The deficit is now reducing as the economy recovers & unemployment falls. The massive spike in the national debt was solely due to the worldwide economic crash & there's nothing to suggest that there's any danger of us defaulting, you're pedalling nonsense in suggesting it.

Vaulted.

The Deficit still exists and is large enough that debt is still growing faster than GDP and while that is true then eventually there will eventually come a day where it is no longer sustainable. Our economy is dependent upon the expansion of credit, ie debt growth, and with such a structure of production there will never come a day when we can balance the books without actually destroying the sector that creates all the growth. Your 270k flats in Liverpool - that's your economy right there. That's where 40 years of monetary doctoring has got us.
 
Correct.

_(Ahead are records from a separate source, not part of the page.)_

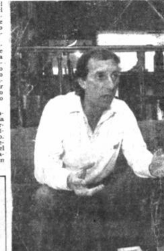
CARLOS SALVADOR BILARDO

Cuando Maradona estuvo la semana pasada en Buenos Aires no formuló comentario negativo alguno sobre Bilardo. Al contrario, en una declaración después del partido contra Alemania, lo calificó como "un fenómeno".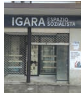
Igara espazioa. GEDAR

Bertan gauzatutako ekimenak askotarikoak izan dira. Adibidez, lehen hilabeteetan, elkartasun bilketa ugari egin dira (ikasmaterialarena berriki, neguko manta eta arroparena urtarrilean, edota jostailuena gabonetan). Horiei esker, eskualdeko hainbat norbanakori behin-behineko laguntza txiki bat eman ahal izan zaie. Bestalde, berehalako erantzun horietatik harago, langileon autoantolakuntza sustatzeko espazioek ere lekua izan dute Igaran. Horren adibide dira Etxebizitza Sindikatua eta Laneko Autodefentsa Sarea, esaterako. Hainbat pertsonari eman zaie etxebizitza zein lan arloko aholkularitza, eta etxejabe zein nagusien gehiegikeriei aurre egiteko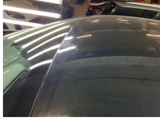
Tavan, Tavan > Yakıcı Madde ile Zarar Görmüş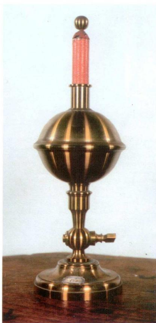
Fig. 1. Apparato di Faraday per lo studio dei dielettrici; non firmato, costruito in ottone e cera, 2ª metà secolo XIX.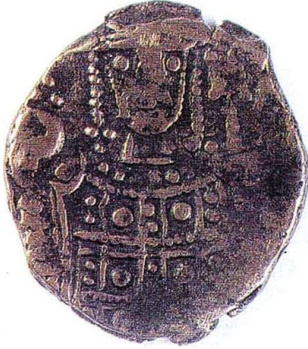
Resim : 3

Yaran), Ankara 1988, s. 343'te Selçuklu kronolojisinde "Rükneddin" veya "İzzeddin" olarak belirtilmektedir. Sikkelerinde "Es Sultanü'l Muazzam Mes'ud bin Kılıç Arslan" ibaresi yer almaktadır. "Sultanü'l Muazzam" unvanından da anlaşılacağı üzere mevcut sikkelerin bu sultana ait olma ihtimali zordur. Sikkeleri için bkz. Halit Erkiletlioğlu-Oğuz Güler, a.g.e., s.46; Lane-Poole Stanley, Catalogue of Oriental Coins in the British Museum, III, London, 1877, s. 48, no: 97; Coşkun Alptekin, "Türkiye Selçuklu Sikkelerinin İlk Örnekleri ve Bunlar Hakkındaki Bazı Mülahazalar", IV. Milli Selçuklu Kültür ve Medeniyeti Semineri Bildirileri, (25-26 Nisan 1994), Konya, 1995, s. 127-134. Konya Alaeddin Camii minber kapısında yer alan kitabesinde "İzzüd dünya ve'ddin" unvanını kullanırken, Aksaray Ulu Camii minber kapısında bu unvana yer vermemiştir. Bkz. Zeki Oral, "Anadolu'da San'at Değeri Olan Ahşap Minberler, Kitabeleri ve Tarihçeleri", Vakıflar Dergisi V, Ankara, 1962, s. 23-79.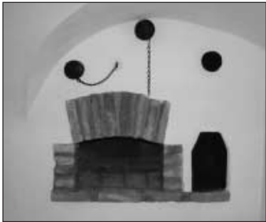
Der alte Backofen aus dem 17. Jahrhundert ist heute noch erhalten.

Das ehemalige Bauernhaus Kratzerbäck in der Kaiserstraße 36 wurde während des heurigen Sommers zum neuen Sparkasengebäude adaptiert. Dabei blieb der vordere Teil des alten Gebäudes erhalten, während im hinteren Bereich neue Räume in einer architektonischen Verbindung von historischer Bausubs-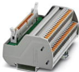
VARIOFACE-Übergabemodul für Siemens SIMATIC® S7-300, mit SIMATIC®-spezifischer Beschriftung (1-40), Push-in-Anschluss, Modulbreite: 107,9 mm

Bitte beachten Sie, dass die hier angegebenen Daten dem Online-Katalog entnommen sind. Die vollständigen Informationen und Daten entnehmen Sie bitte der Anwenderdokumentation. Es gelten die Allgemeinen Nutzungsbedingungen für Internet-Downloads. ( http://phoenixcontact.de/download )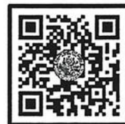
QR-Code ลงทะเบียนอบรม

ผู้อำนวยการสำนักงานบริการวิชาการ ปฏิบัติการแทนอธิการบดีมหาวิทยาลัยศิลปากร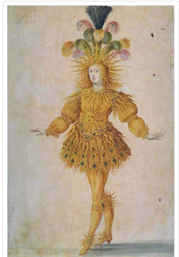
Der junge Louis XIV. in der Hauptrolle des Apollo im „Ballet royal de la nuit“ 1653

Ballettmeister wie Pierre Beauchamp, Jean Favier d. Ä. und Jean-Baptiste Lully, 1653 zum compositeur de la musique instrumentale de Roi ernannt, erlangten mit ihren Choreographien, die von zunehmend professionellen Tänzern ausgeführt wurden, großen Ruhm.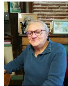
Rencontre des Associations Orléans au Centre Recouvrance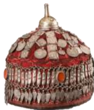
туркменский головной убор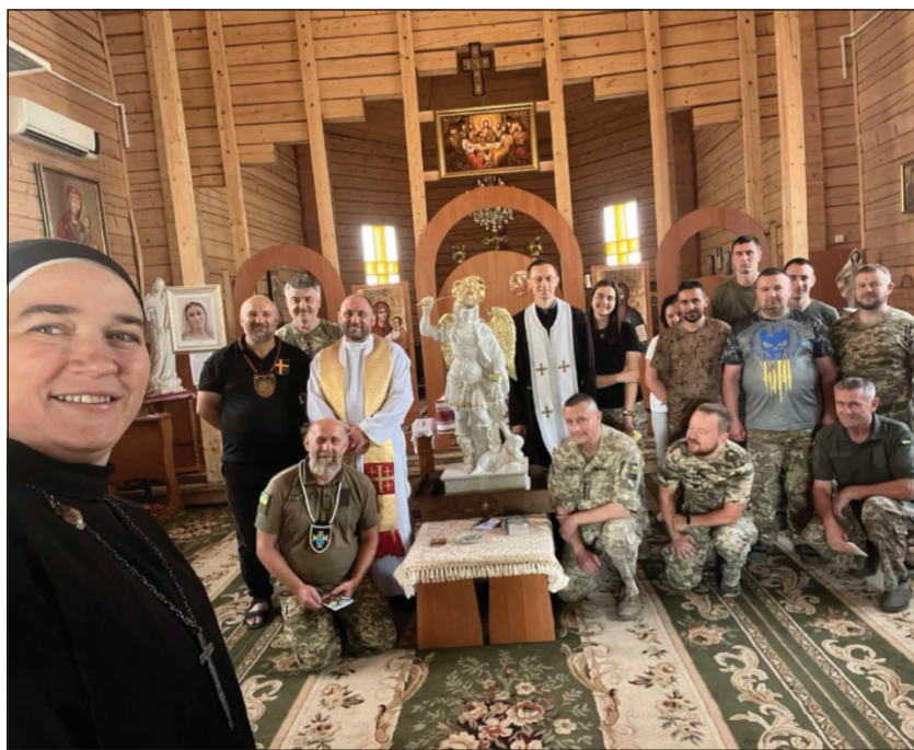
Figura patrona z Gargano zamieszkała odtąd w Słowińsku, a Rycerze regularnie wracają, by modlić się przy niej z żołnierzami i zabierać ją do innych przyfrontowych miast. Takich wyjazdów było już kilkadziesiąt. W uroczystość Niepokalanego Poczęcia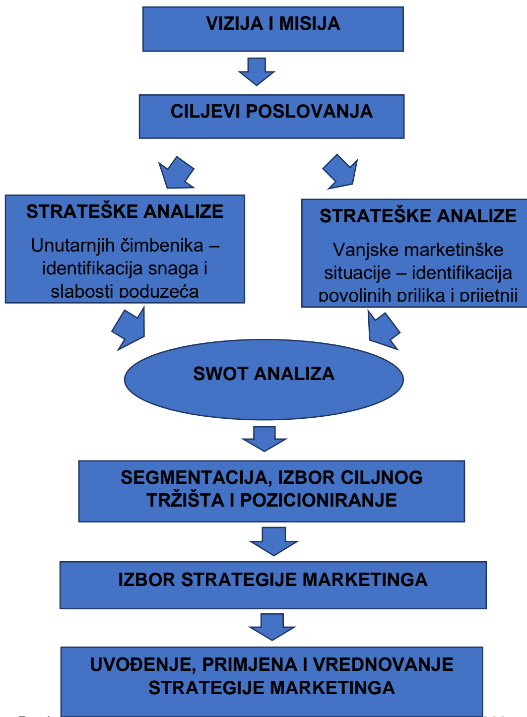
Grafički prikaz 2. Osnovne faze strateškog marketinškog plana

Izvor: Renko, N.; Strategije marketinga, Naklada Ljevak d.o.o., Zagreb, 2009., str. 76.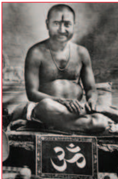
Šrí Siddharaméšwar Maharadž

Muž a jeho žena ve výše uvedeném příběhu reprezentují Já (Puruša) a tělo, projev (Prakrti), které jsou brány jako jedna jediná bytost, která dá vzniknout prvotní iluzi neboli pocitu ´já jsem´. Potom přichází Pán Višnu, vědomí, následované Pánem Brahmou, tedy ´vnitřní myslí´. Jako další přichází intelekt, který je složen ze stejných podílů kvalit radžasu a tamasu. Nejstarší vnuk je Šiva (Rudra), jenž je nevědomostí, zapomnětlivostí. Je to díky této nevědomosti, že člověk umře, aniž by našel řešení oněch neobjasněných hádanek. To se přihodí všem lidským bytostem. Člověk umírá důsled-

All day long.

The second anyone that matters seriously thinks the UK is on skid row then we're all f*cked as the price of our debt would be crippling within the day.

I'm not saying things are rosey but this talk of impending doom is quite ridiculous. We all need to de-leverage but it's going to be a gradual process of 3-5 years of steadily increasing base rates.

LOL, they haven't even stopped printing money yet, never mind started to raise rates. It will just never happen. They've boxed themselves in and there is no way out that won't collapse the economy anyway.

To quote Milton Friedman: Nothing is so permanent as a temporary government program.